For generations of Americans, making fun of fruitcake has been a holiday tradition. Even Sabrina Carpenter can’t help but pile on. ‘Fruitcake makes me sick,’ pop star intones in song about herself new Christmas album it’s precisely called Fruit cake.

But a Canadian pastry chef and master curator would like us to reconsider our assumptions. Camilla Wynne is the author of a new cookbook called Nature’s sweets. It’s an ode to the pleasures of candiing fruits – and even the occasional vegetable – and cooking with them.

Wynne said she completely understands why fruitcake has such a bad reputation.

/ Appetite by Random House

/

Appetite by Random House

“I think it’s because there’s a lot of terrible candied fruit out there, unfortunately,” she said. “Bright red or bright green candied cherries, and the problem with those, of course, is that they have no taste. It’s fair that they get a bad reputation, but they’re not representative candied fruits in general.”

Fruitcake is fantastic, Wynne says, if you use great fruit, especially fruit that you confit yourself. Still, the idea of ​​candying fruit at home seems daunting, to say the least, at least to this NPR reporter (and enthusiastic home baker). “Oh, I hate that you’re bullied!” Wynne responded to the hesitation: “That’s the last thing I want. (But) people are. I understand that.”

Wynne insisted that candying fruit is no more difficult than boiling eggs. The technique basically involves briefly simmering fruit in sugar water for a few days.

“I’m candiing a bunch of whole figs right now,” she said. “Every day it’s just a matter of watering your plants. They have to simmer for 10 minutes, so when I’m getting ready to make dinner, I turn them on and set the timer.”

These candied figs are used succulently in Wynne’s Florentine tart recipe, along with candied cherries and orange zest.
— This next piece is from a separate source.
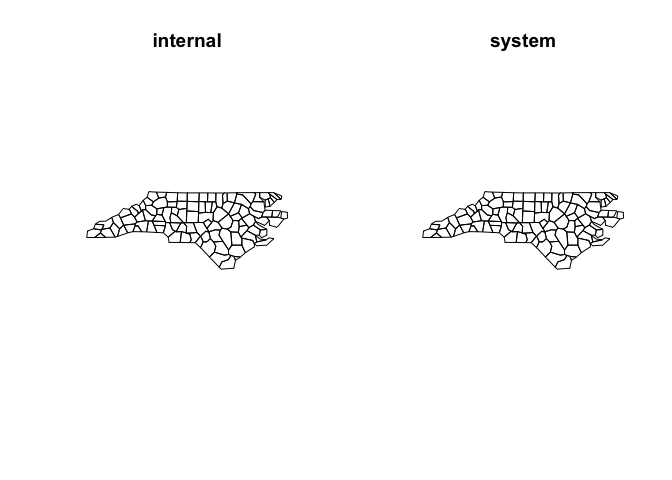 nc_simp_sys <- ms_simplify(nc_sf, sys = TRUE, sys_mem = 8) #sys_mem specifies the amount of memory to use in Gb. It defaults to 8 if omitted.
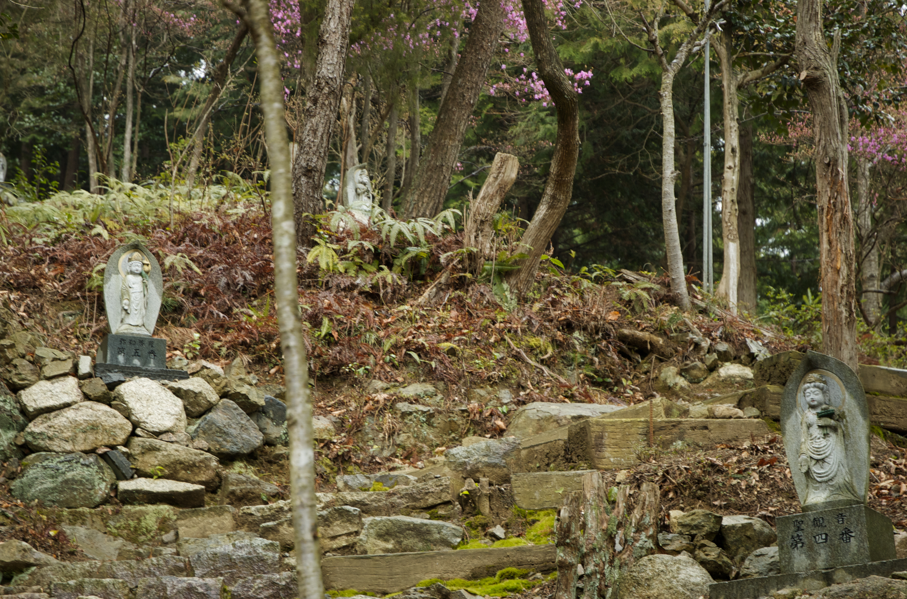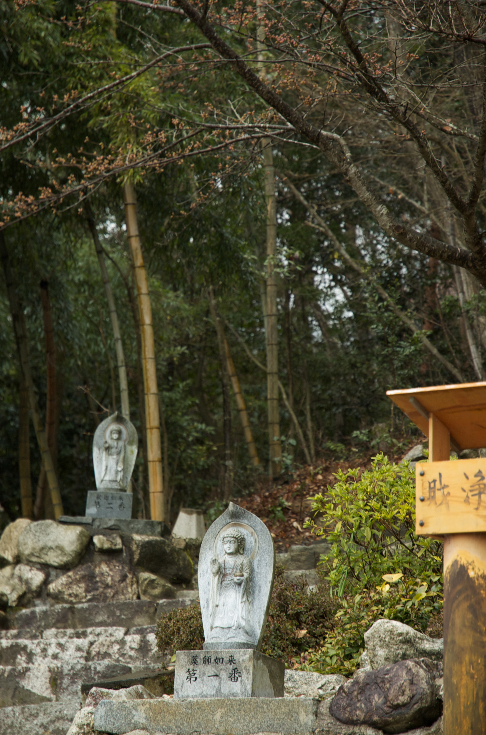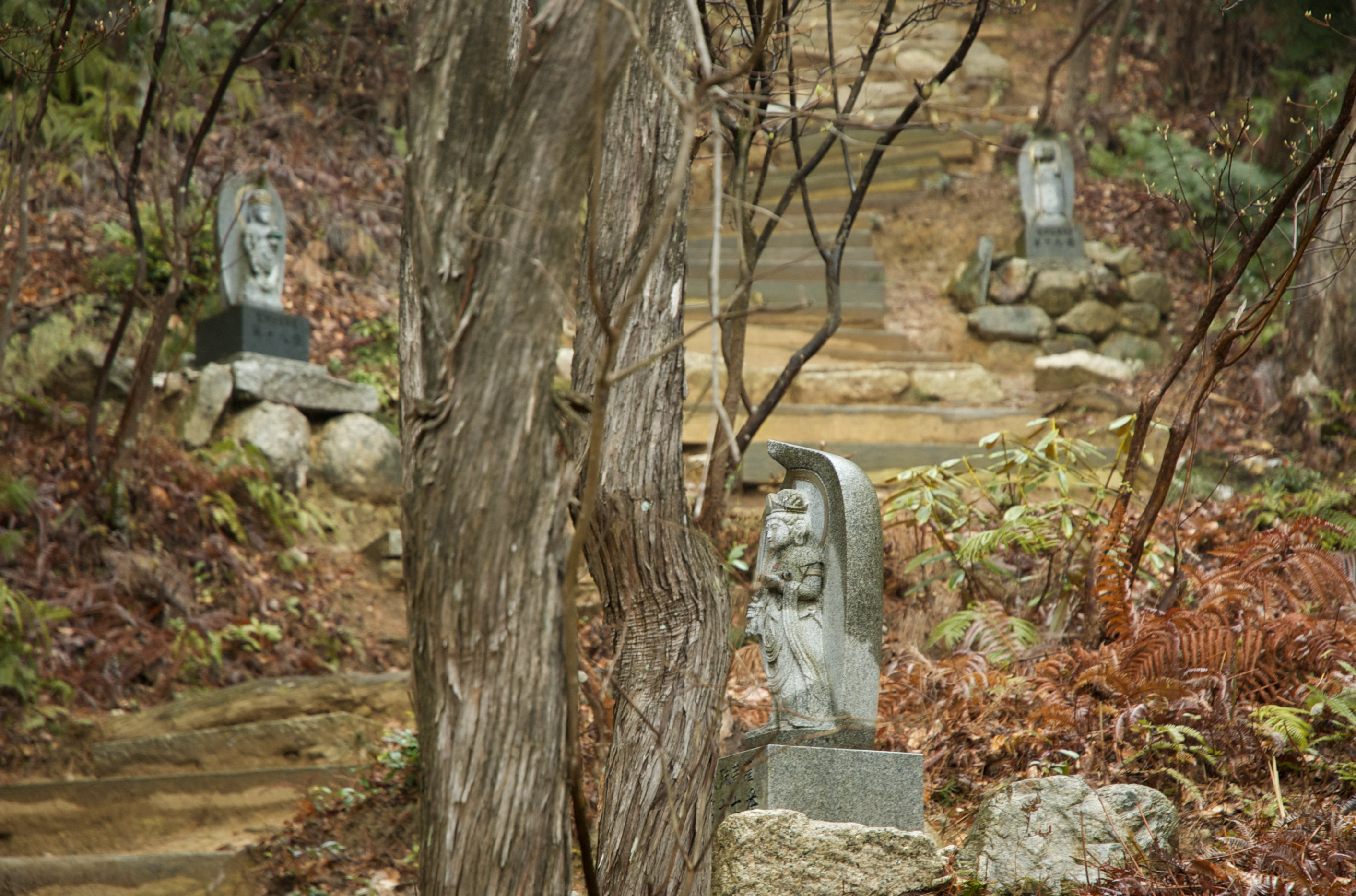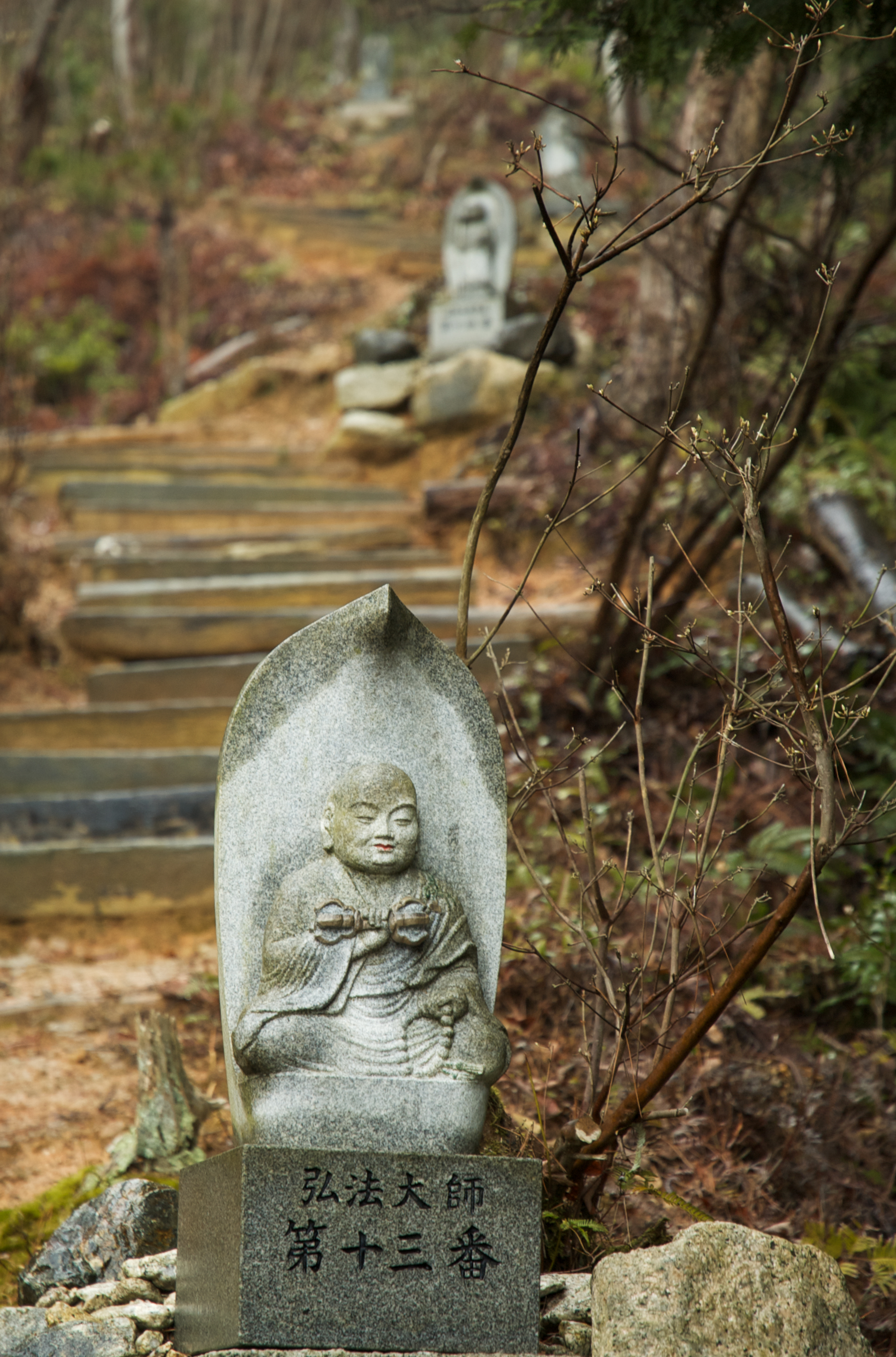 * The path is 88 stations, I was almost a third through it. At first glance, one might expect this to be a miniature reproduction (utsushi reijo) of the 88 temple Shikoku pilgrimage (Shikoku Henro) which commemorates the travels of Kobo Daishi—the founder of Pure Land Buddhism, depicted above at station 13—however the votive markers feature a different image than the corresponding temples on the Shikoku route thus making that connection uncertain (additionally, the temple associated with this path is of the Rinzai Zen tradition who’s focus on meditation is quite different from the otherworldly salvation of Pure Land.). Utsushi reijo became more common from the Tokugawa period on, when a rising middle class and improved security made pilgrimage more accessible. While the original courses may take months to circumambulate, the reproductions often are much smaller. The pilgrimage here would only take a few hours. These offer a spiritual experience to those who, due to infirmity or economic circumstance, are unable to take the time and effort of the longer pilgrimages.

Even for a fruitcake skeptic, the cake recipes from Nature’s sweets looks delicious. Her tropical terrazzo cake (recipe below) uses coconut milk, lime juice and a range of candied tropical fruits. The cookbook also includes many non-fruitcake recipes, such as Caramel Corn with Candied Ginger and Strawberry Sugar Cookies with Candied Jalapenos.

“You also get all that jalapeno syrup with it, and it makes a really good base for margaritas if you like that sort of thing,” Wynne noted with relish.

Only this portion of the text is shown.